**Data listing**
━━━━━━━━━━━━━━━━━━━━
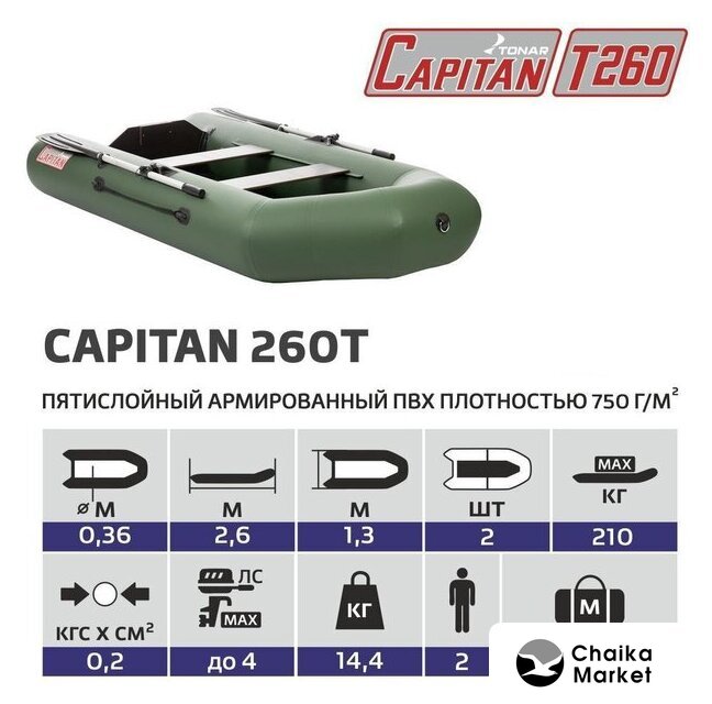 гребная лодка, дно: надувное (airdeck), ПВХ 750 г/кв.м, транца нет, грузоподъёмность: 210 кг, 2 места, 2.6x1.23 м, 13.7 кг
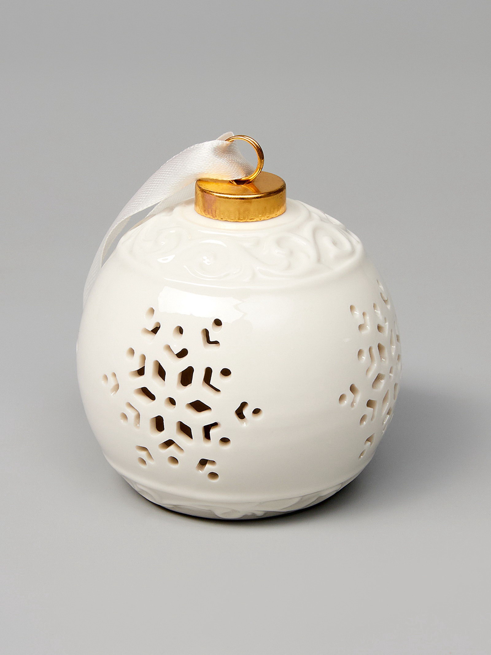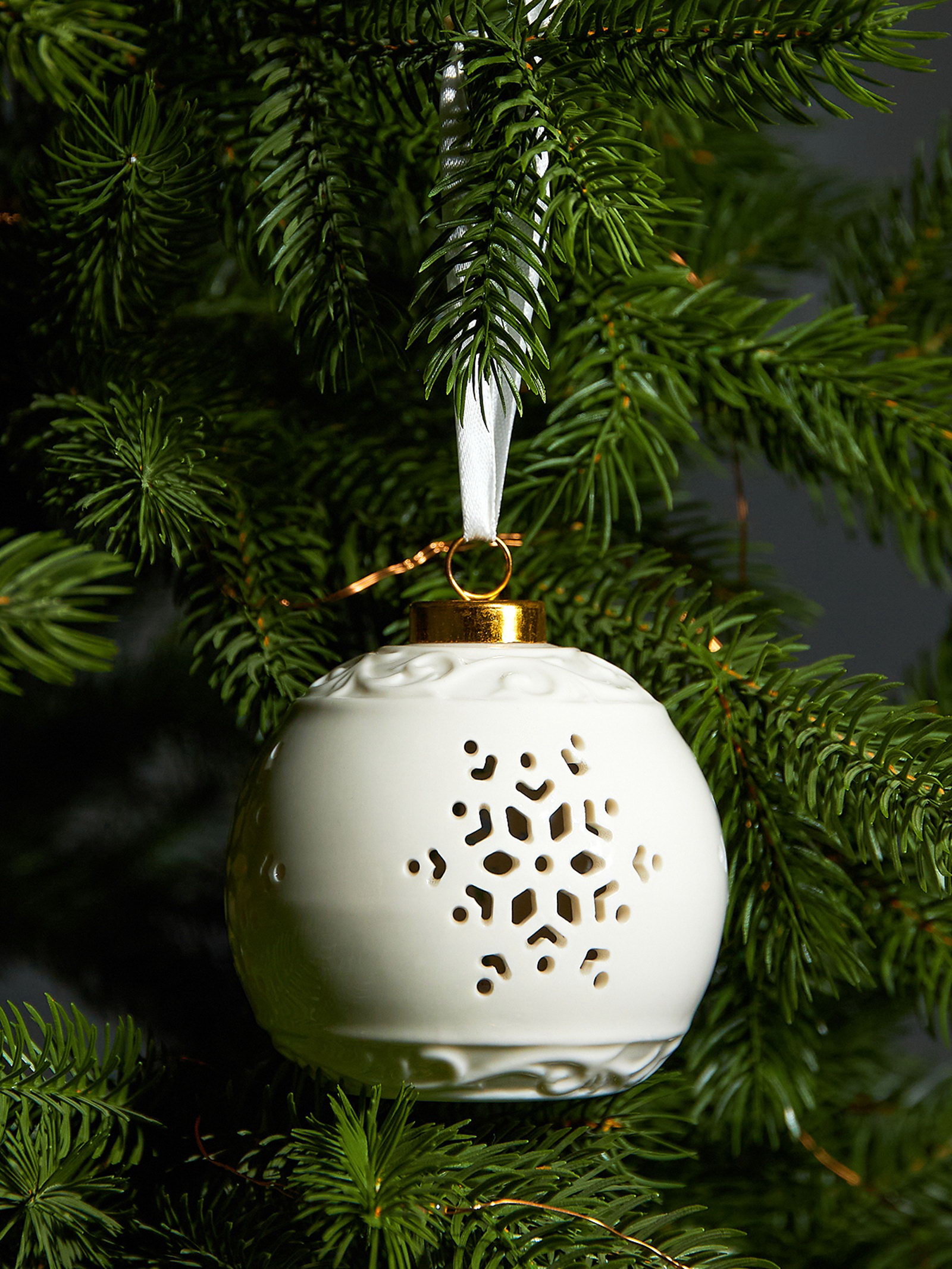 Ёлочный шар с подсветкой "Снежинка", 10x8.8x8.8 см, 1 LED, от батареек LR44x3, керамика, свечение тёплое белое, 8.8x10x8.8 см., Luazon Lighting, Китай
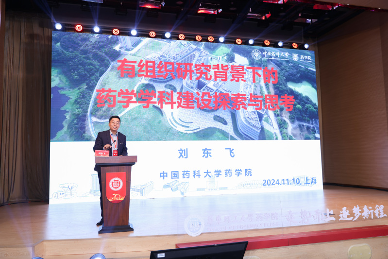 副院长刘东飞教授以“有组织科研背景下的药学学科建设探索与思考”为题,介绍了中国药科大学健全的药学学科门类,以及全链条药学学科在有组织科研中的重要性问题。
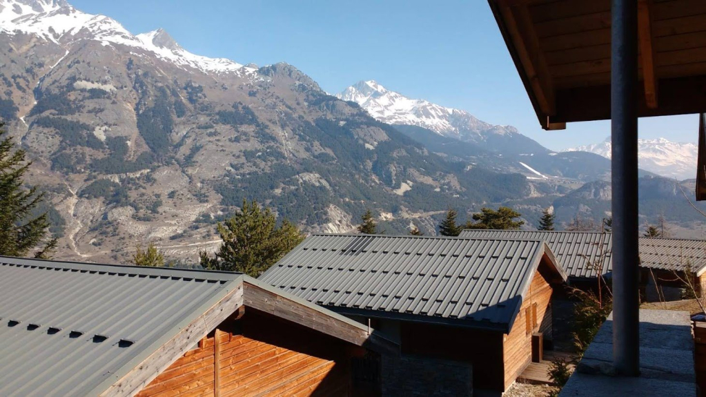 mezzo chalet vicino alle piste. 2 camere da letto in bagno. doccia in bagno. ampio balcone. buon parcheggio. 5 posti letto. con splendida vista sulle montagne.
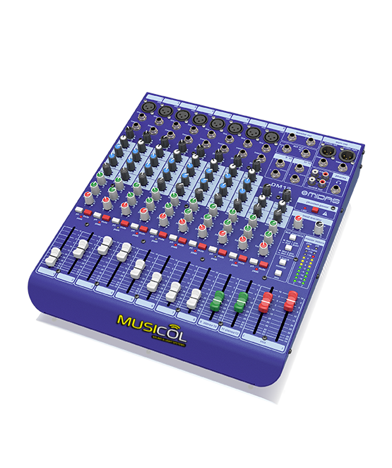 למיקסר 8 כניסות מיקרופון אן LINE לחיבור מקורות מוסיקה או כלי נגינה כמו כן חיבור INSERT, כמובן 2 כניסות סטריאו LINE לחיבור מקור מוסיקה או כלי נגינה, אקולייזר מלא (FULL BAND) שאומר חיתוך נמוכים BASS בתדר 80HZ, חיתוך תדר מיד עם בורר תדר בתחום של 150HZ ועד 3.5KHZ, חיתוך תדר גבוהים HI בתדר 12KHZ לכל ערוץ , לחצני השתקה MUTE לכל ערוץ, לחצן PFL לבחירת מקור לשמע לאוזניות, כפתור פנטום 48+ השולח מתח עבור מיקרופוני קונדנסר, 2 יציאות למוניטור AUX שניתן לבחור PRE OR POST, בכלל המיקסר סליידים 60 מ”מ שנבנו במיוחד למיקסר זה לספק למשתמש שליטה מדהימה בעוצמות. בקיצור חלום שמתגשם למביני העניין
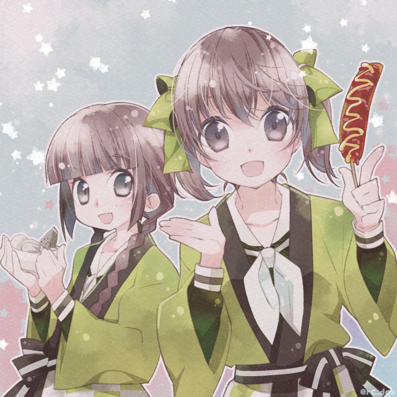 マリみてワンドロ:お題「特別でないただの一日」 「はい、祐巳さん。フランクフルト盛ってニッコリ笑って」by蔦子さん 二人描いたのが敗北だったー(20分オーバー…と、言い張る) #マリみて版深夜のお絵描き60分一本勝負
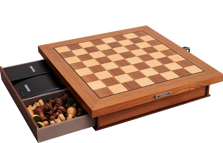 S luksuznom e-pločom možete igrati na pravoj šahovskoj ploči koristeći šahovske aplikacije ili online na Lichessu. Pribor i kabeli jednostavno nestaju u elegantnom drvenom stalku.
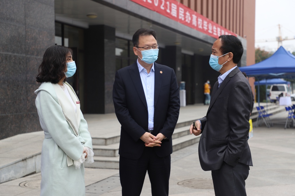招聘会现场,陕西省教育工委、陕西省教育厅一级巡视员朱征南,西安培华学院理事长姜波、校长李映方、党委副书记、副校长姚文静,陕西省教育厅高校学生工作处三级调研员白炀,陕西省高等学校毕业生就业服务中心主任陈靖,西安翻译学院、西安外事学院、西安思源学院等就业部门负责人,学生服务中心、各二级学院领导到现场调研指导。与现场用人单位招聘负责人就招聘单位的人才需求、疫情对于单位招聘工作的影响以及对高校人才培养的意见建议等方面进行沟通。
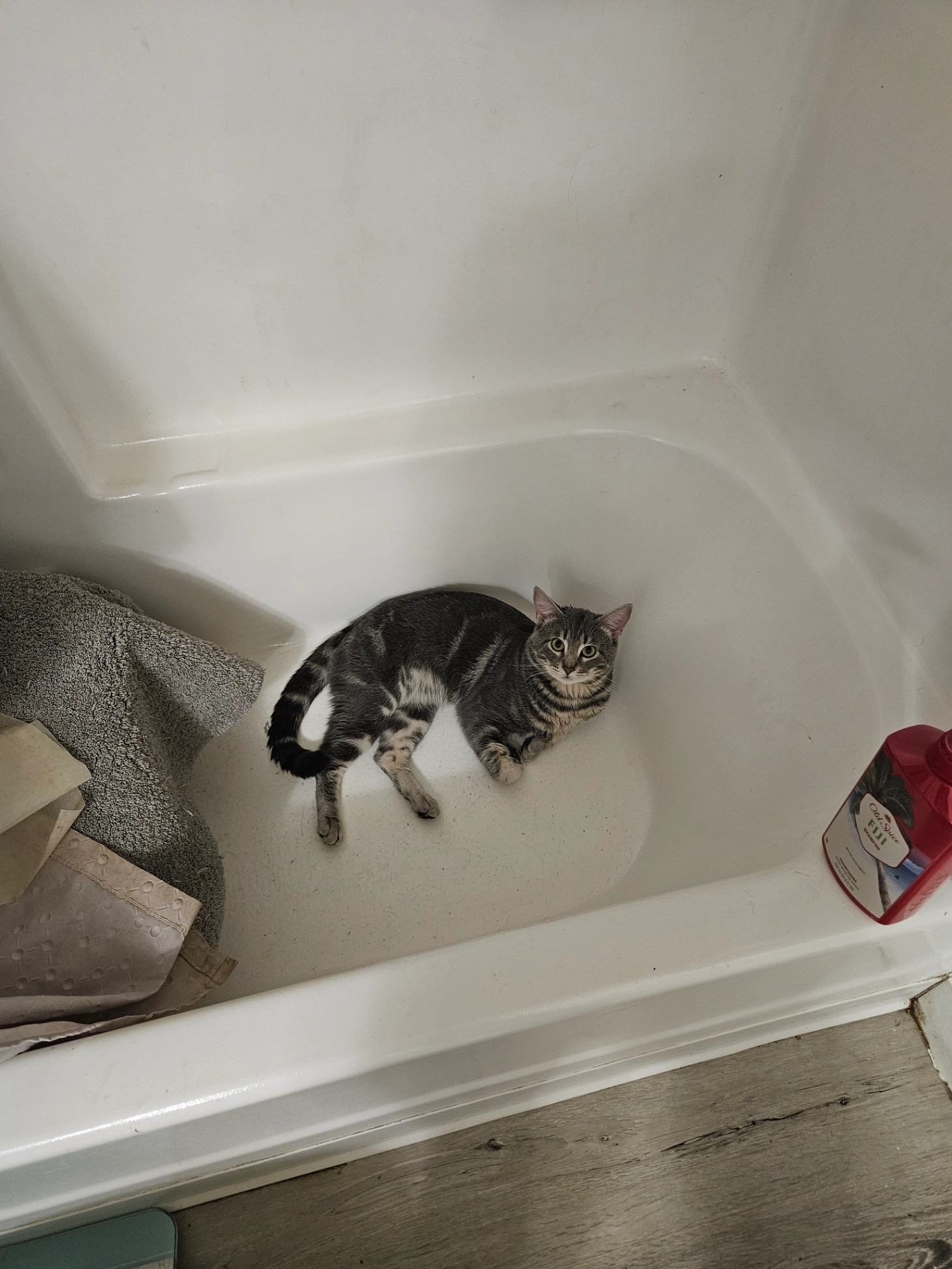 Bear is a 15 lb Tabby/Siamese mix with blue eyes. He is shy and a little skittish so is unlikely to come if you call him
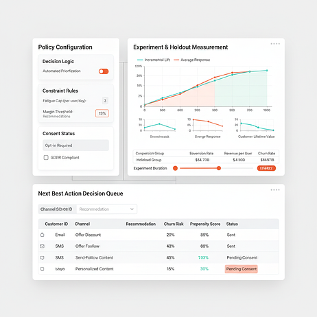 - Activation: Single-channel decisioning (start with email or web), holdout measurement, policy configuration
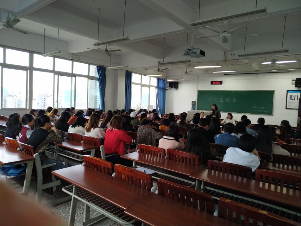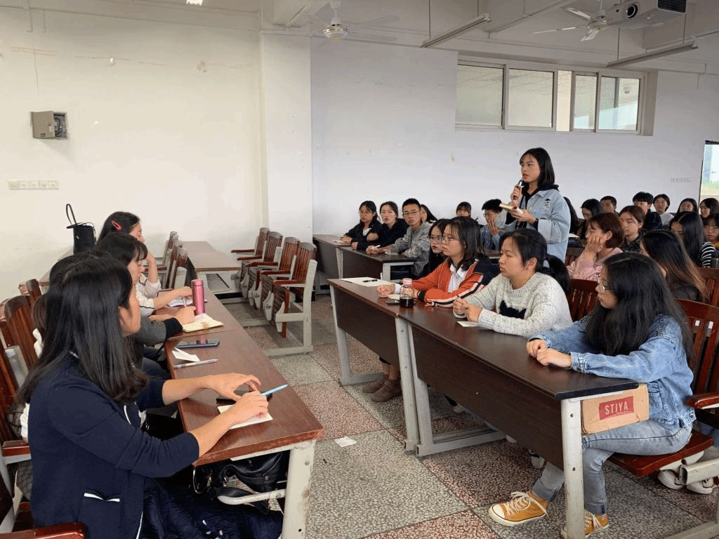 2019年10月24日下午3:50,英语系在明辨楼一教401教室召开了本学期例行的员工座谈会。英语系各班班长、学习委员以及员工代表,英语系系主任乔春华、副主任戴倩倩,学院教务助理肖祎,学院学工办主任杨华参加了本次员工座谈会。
━━━━━━━━━━━━━━━━━━━━
**Required action**
Repeat verbatim the lines from the one with "Bear is a 15" through the end of the listing above. Include both ends, add nothing, and exclude the pictures.

**Task solution**
 Bear is a 15 lb Tabby/Siamese mix with blue eyes. He is shy and a little skittish so is unlikely to come if you call him
 - Activation: Single-channel decisioning (start with email or web), holdout measurement, policy configuration
 2019年10月24日下午3:50,英语系在明辨楼一教401教室召开了本学期例行的员工座谈会。英语系各班班长、学习委员以及员工代表,英语系系主任乔春华、副主任戴倩倩,学院教务助理肖祎,学院学工办主任杨华参加了本次员工座谈会。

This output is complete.